• « Schweig, und tanze ! » : énigmes et contradictions dans la scène finale d’ Elektra de Strauss, par Grégoire Tosser et Inès Taillandier Guittard

    « Schweig, und tanze ! » : énigmes et contradictions  dans la scène finale d’ Elektra de Strauss
    par Grégoire Tosser et Inès Taillandier-Guittard

    Dans l’entretien réalisé par Alain Perroux en marge du festival d’Aix-en-Provence le 29 juin 2013, Patrice Chéreau évoque sa perplexité face à certains moments de l’opéra de Strauss Elektra, représenté quelques semaines plus tard. C’est cette incompréhension avouée face à ce que Chéreau appelle une « ivresse sonore », qui sera l’objet de cette communication. Plus précisément, il s’agira de rendre compte à la fois de la nature problématique des enjeux musicaux et dramatiques de la dernière scène d’Elektra, et des solutions scéniques proposées par Chéreau. Pour ce faire, nous évaluerons, via l’analyse musicale, les partis pris de Strauss quant à la mise en musique du livret de Hofmannsthal. Ainsi, le phénomène de transe ménadique que les didascalies suggèrent rentre en contradiction avec les thèmes musicaux choisis par Strauss : si Hofmannsthal précise que la danse d’Elektra est « indéfinissable » (namenlos), le compositeur use de rythmes clairement identifiables (celui de la valse, qui se transforme peu à peu en une sicilienne). Outre ces contradictions musico-littéraires, il existe également des ambivalences proprement musicales, qui procèdent du langage de Strauss. Enfin, il faut mentionner l’ultime ambiguïté du livret : la mort supposée d’Elektra, que rendent évidente d’autres mises en scène, notamment celle de Götz Friedrich en 1981, à laquelle Chéreau fait implicitement référence dans l’entretien mentionné plus haut.
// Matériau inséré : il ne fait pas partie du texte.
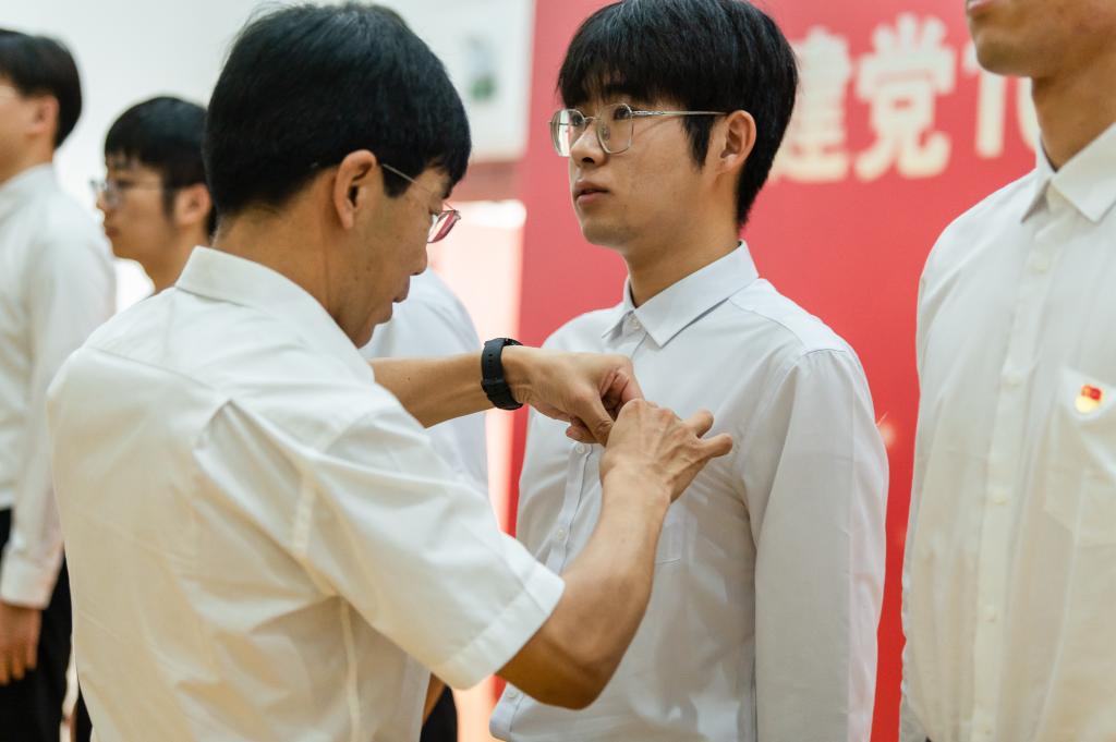 方留代表校区党委向全体党员致以节日的问候,向刚加入党组织的新党员们表示衷心的祝贺。他表示,经过102年的奋斗,党和国家事业取得历史性成就、发生历史性变革。全体党员同志要传承红色基因,赓续红色血脉,弘扬伟大建党精神,坚持不懈用习近平新时代中国特色社会主义思想凝心铸魂。他强调,八十字的入党誓词,是每一名共产党员必须遵守的行为准则和终身信守的誓言,要经常加以对照,坚定不移,终生不渝。希望全体同志以党员标准严格要求自己,争做理想远大、信念坚定的模范,刻苦学习、锐意创新的模范,敢于斗争、善于斗争的模范,艰苦奋斗、无私奉献的模范,崇德向善、严守纪律的模范,用青春的热血共铸百年大党的青春力量,在强国建设、民族复兴的新征程上唱响青春之歌。

    L’ensemble des ces contradictions et équivocités constituent autant d’énigmes pour Chéreau. Sa mise en scène, au lieu de les ignorer ou de les éluder, les met au jour, voire les exacerbe ; elle nous invite dès lors à réévaluer et à repenser la manière dont nous percevons et comprenons l’opéra, dans sa complexité et sa profondeur sémantique.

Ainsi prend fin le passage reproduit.